Computer games have frequently used cyberpunk as a source of inspiration, such as the Deus Ex series and the System Shock series as well as the MMORPG Neocron. Other games, like Blade Runner and the Matrix games, are based upon genre movies. Electronic Arts and Tilted Mill also published a game called SimCity Societies in 2007 which features the ability for a cyberpunk society along with numerous others.
Architecture and urban planning
Some real life places have been described as cyberpunk, such as Japan and the Sony Center in the Potsdamer Platz public square of Berlin, Germany.
Society and counterculture
Several subcultures have been inspired by cyberpunk fiction. These include the Cyberdelic counter culture of the late 80s and early 90s. Cyberdelic, whose adherents referred to themselves as "cyberpunks", attempted to blend the psychedelic art and drug movement with the technology of cyberculture. Early adherents included Timothy Leary, Mark Frauenfelder and R. U. Sirius. The movement largely faded following the dot-com bubble implosion of 2000.

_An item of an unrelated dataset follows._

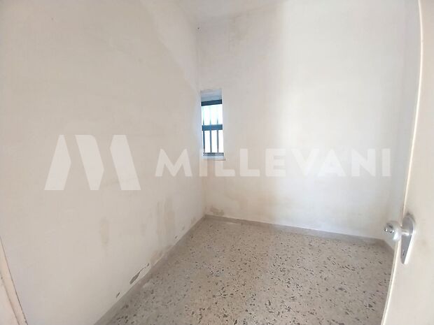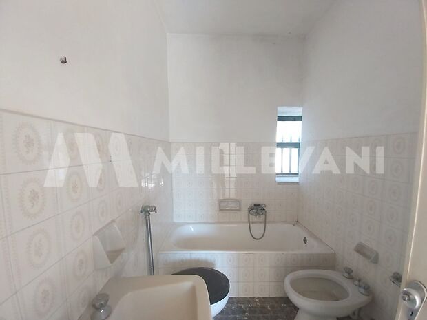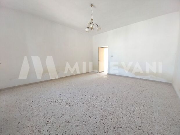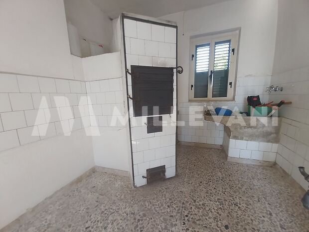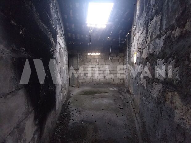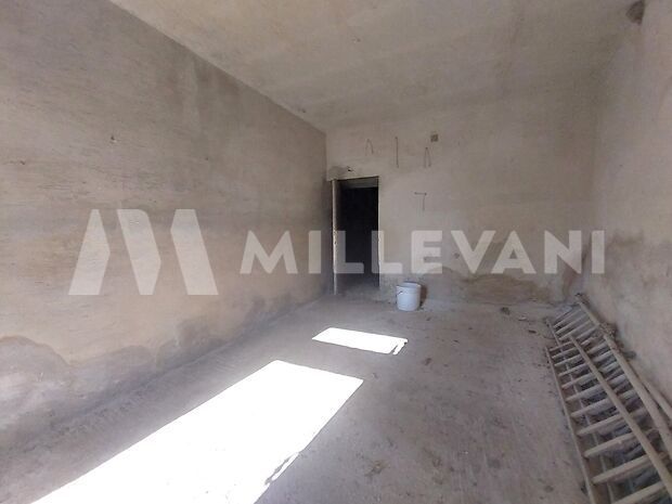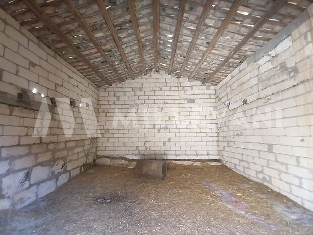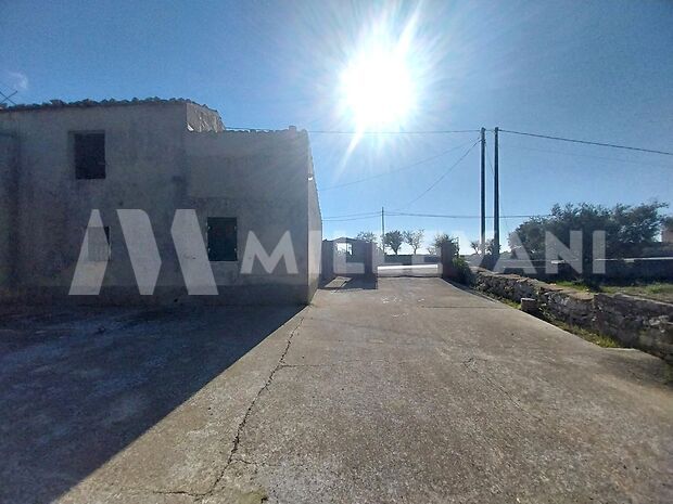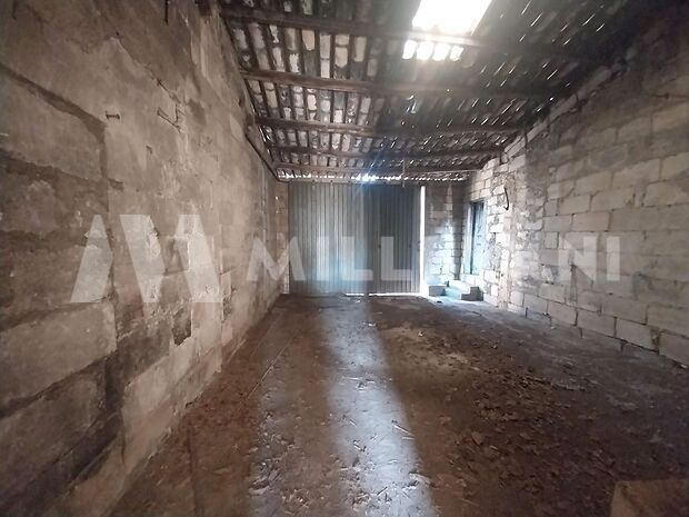 The property is divided into two parts. The main part, measuring approximately 115 m2, houses the living area, comprising an entrance hall, living room, kitchen with a stone oven, a double bedroom, and a bathroom.

Cybergoth is a fashion and dance subculture which draws its inspiration from cyberpunk fiction, as well as rave and gothic subcultures.
Arts and aesthetics
Literary subgenres and connected genres
As a wider variety of writers began to work with cyberpunk concepts, new sub-genres of science fiction emerged, some which could be considered as playing off the cyberpunk label, others which could be considered as legitimate explorations into newer territory. These focused on technology and its social effects in different ways. One prominent subgenre is "steampunk", which is set in an alternate history Victorian era that combines anachronistic technology with cyberpunk's bleak film noir world view. The term was originally coined around 1987 as a joke to describe some of the novels of Tim Powers, James P. Blaylock, and K.W. Jeter, but by the time Gibson and Sterling entered the subgenre with their collaborative novel The Difference Engine the term was being used earnestly as well.
Another subgenre is "biopunk" (cyberpunk themes dominated by biotechnology) from the early 1990s, a derivative style building on biotechnology rather than informational technology. In these stories, people are changed in some way not by mechanical means, but by genetic manipulation. Paul Di Filippo is seen as the most prominent biopunk writer, including his half-serious ribofunk. Bruce Sterling's Shaper/Mechanist cycle is also seen as a major influence. In addition, some people consider works such as Neal Stephenson's The Diamond Age to be postcyberpunk.
Much of the industrial/dance heavy "Cyberpunk" - recorded in Billy Idol's Macintosh-run studio - revolves around Idol's theme of the common man rising up to fight against a faceless, soulless, corporate world.
Some musicians and acts have been classified as cyberpunk due to their aesthetic style and musical content. Often dealing with dystopian visions of the future or biomechanical themes, some fit more squarely in the category than others. Bands whose music has been classified as cyberpunk include Psydoll, Front Line Assembly, and Sigue Sigue Sputnik. Some musicians not normally associated with cyberpunk have at times been inspired to create concept albums exploring such themes. Billy Idol's Cyberpunk drew heavily from cyberpunk literature and the cyberdelic counter culture in its creation. 1. Outside, a cyberpunk narrative fueled concept album by David Bowie, was warmly met by critics upon its release in 1995.
Most people[who?] would view a lot of industrial music as cyberpunk, as well as various electronic body music acts.